PROBLEM REQUIREMENTS: A faithful copy of the data is what is wanted, minus any pictures.

Top of SUPPLIED MATERIAL

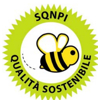
Figura 1: Logo del marchio Produzione Integrata previsto dal Sistema di Qualità Nazionale

SISTEMA DI QUALITÀ NAZIONALE PRODUZIONE INTEGRATA
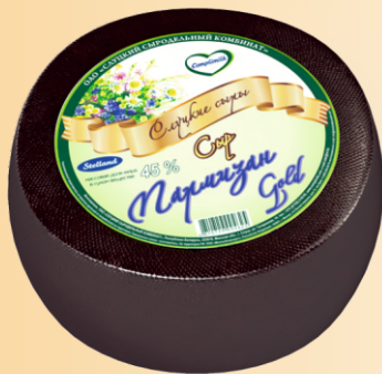
Сыр «Пармизан Gold» 45% (срок созревания 90 суток)

Bottom of SUPPLIED MATERIAL

EXPECTED ANSWER:
Figura 1: Logo del marchio Produzione Integrata previsto dal Sistema di Qualità Nazionale

SISTEMA DI QUALITÀ NAZIONALE PRODUZIONE INTEGRATA
Сыр «Пармизан Gold» 45% (срок созревания 90 суток)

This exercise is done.